**Data below:**

____________

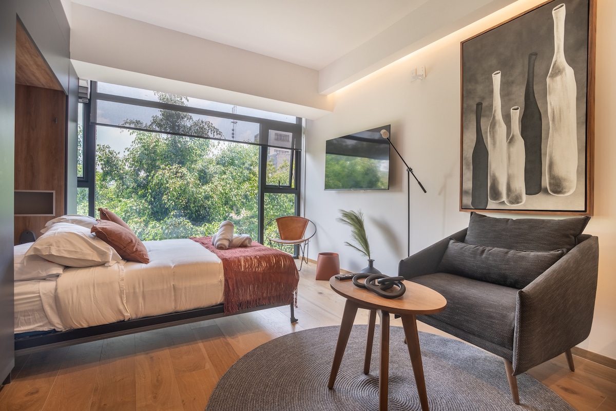 Vive una experiencia genuina en uno de los barrios más icónicos, llenos de riquezas culturales y sociales dentro la Ciudad de México. Sumérgete en un proyecto enfocado al arte; en donde diferentes artistas exponen su obra auténtica. Ubicado en el corazón de Roma-Condesa, a un par de cuadras de Amsterdam y Parque México, rodeado de boutiques, restaurantes, cafeterías, bares y otros lugares de interés. Enamórate de un espacio nuevo diseñado y amueblado pensando en tu comodidad con A/C
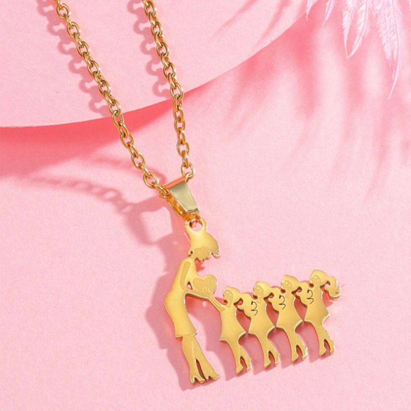 Warm Family Silhouette Family Necklace Stainless Steel Pendant Ornament Mother And3 Son
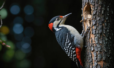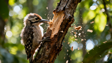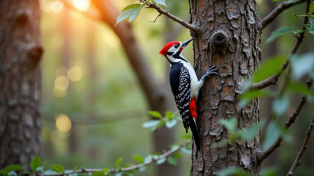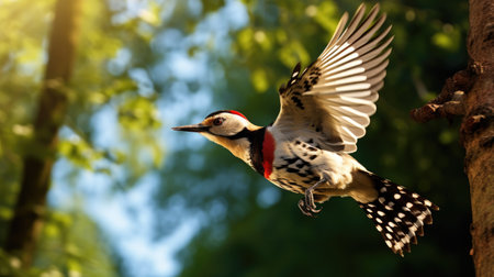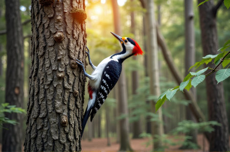 Great spotted woodpecker climbing tree in sunlit forest. That the image is generated using AI.
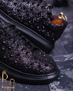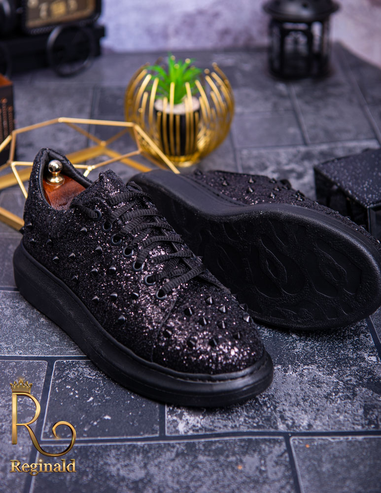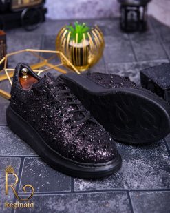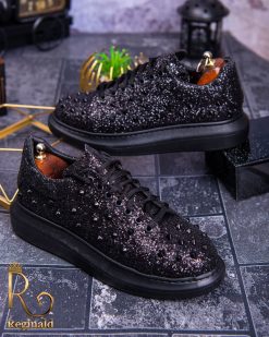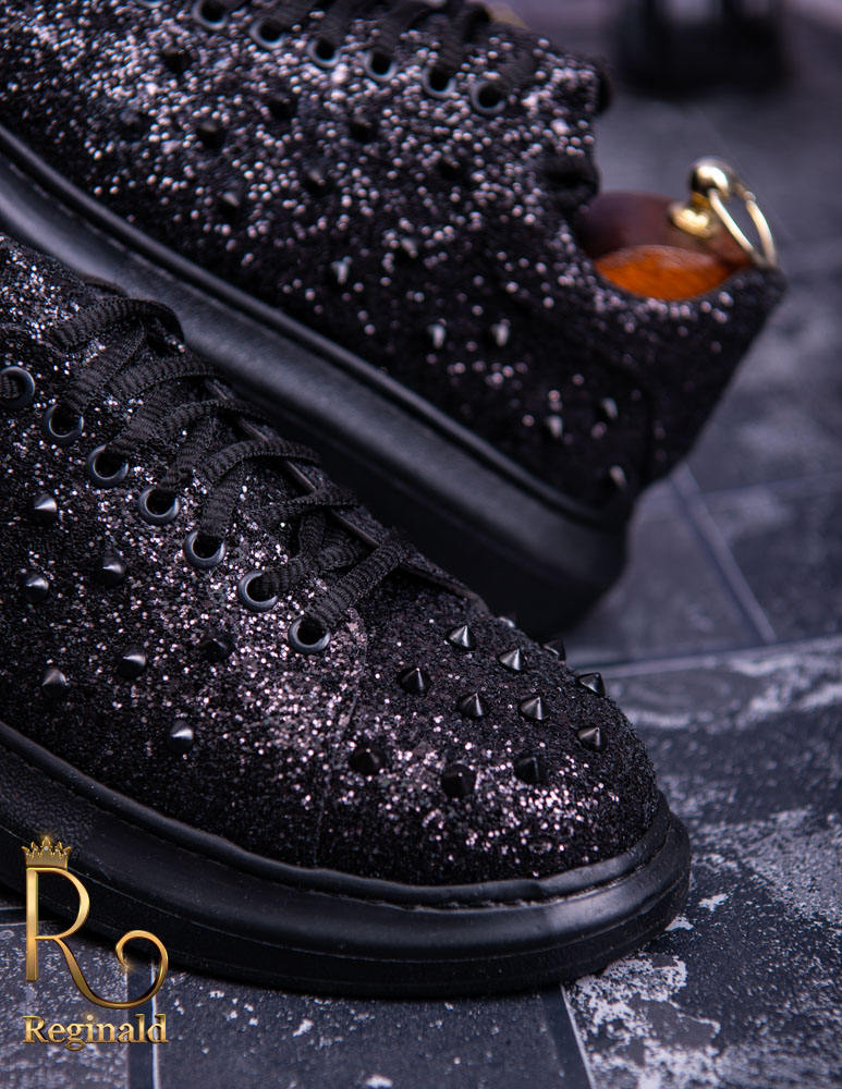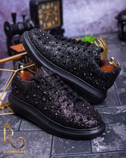Tenisi de barbati, cu siret. Decorati cu tinte , material din piele eco cu sclipici aplicat, talpa cusuta din spuma, anti-aderenta.

____________

**Exercise directions:**
Print exactly, and only, the lines from the line containing "Warm Family Silhouette" to the last line of the material above, with every picture left out.

**Exercise solution:**
 Warm Family Silhouette Family Necklace Stainless Steel Pendant Ornament Mother And3 Son
 Great spotted woodpecker climbing tree in sunlit forest. That the image is generated using AI.
Tenisi de barbati, cu siret. Decorati cu tinte , material din piele eco cu sclipici aplicat, talpa cusuta din spuma, anti-aderenta.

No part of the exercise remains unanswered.